Por Ricardo Coelho dos Santos*
Não sei se algum entendido já citou que um automóvel se converte no microcosmo particular do seu proprietário, que, na maioria esmagadora das vezes, é o próprio motorista do veículo.
Vamos começar.
Alguns motoristas mantêm seus carros impecáveis, sempre brilhantes, tendo ojeriza à menor mancha que venha a aparecer na sua pintura. Outros, proprietários de utilitários com tração nas quatro rodas, mostram orgulhosos que possuem um bloco de lama ambulante, que, de vez em quando, recebem uma rápida ducha d´água, revelando suas cores originais por um curto espaço de tempo.
Temos, também, os que mantém os interiores dos seus microcosmos com uma organização impecável, digna de uma biblioteca. Outros, não se incomodam em fazer seus caronas disputarem seus lugares com revistas e peças de roupas, algumas até íntimas, pertencentes a alguém do sexo oposto. Alguém já parou para pensar sobre isso?
Os mais interessantes são os que enfeitam esses interiores. Geralmente, são da turma dos organizados e fazem seus veículos portadores dos designs mais risíveis possíveis.

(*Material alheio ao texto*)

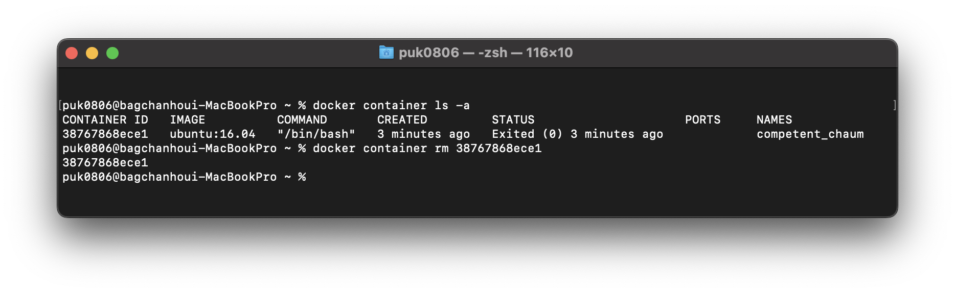 docker container rm 38767868ece1

São carros com bancos forrados com algo roxo, felpudo, ou mesmo com uma luz negra ou aparelhos de televisão ligados, com bonecos que balançam a cabeça colocados nos painéis da frente ou uma mãozinha dando “tchau” no para-brisas traseiro, além de fofíssimos bichinhos de pelúcia deitados, para a contemplação dos motoristas que vêm atrás, que podem ver também seus olhos brilharem luzes vermelhas quando o freio é acionado.
Alguns desses assessórios são irregulares, mas ainda são encontrados em vários veículos de transporte pelo Brasil afora. Geralmente, usados por motoristas de caminhão, mas vários condutores de automóveis e camionetes também adotam esses peculiares costumes.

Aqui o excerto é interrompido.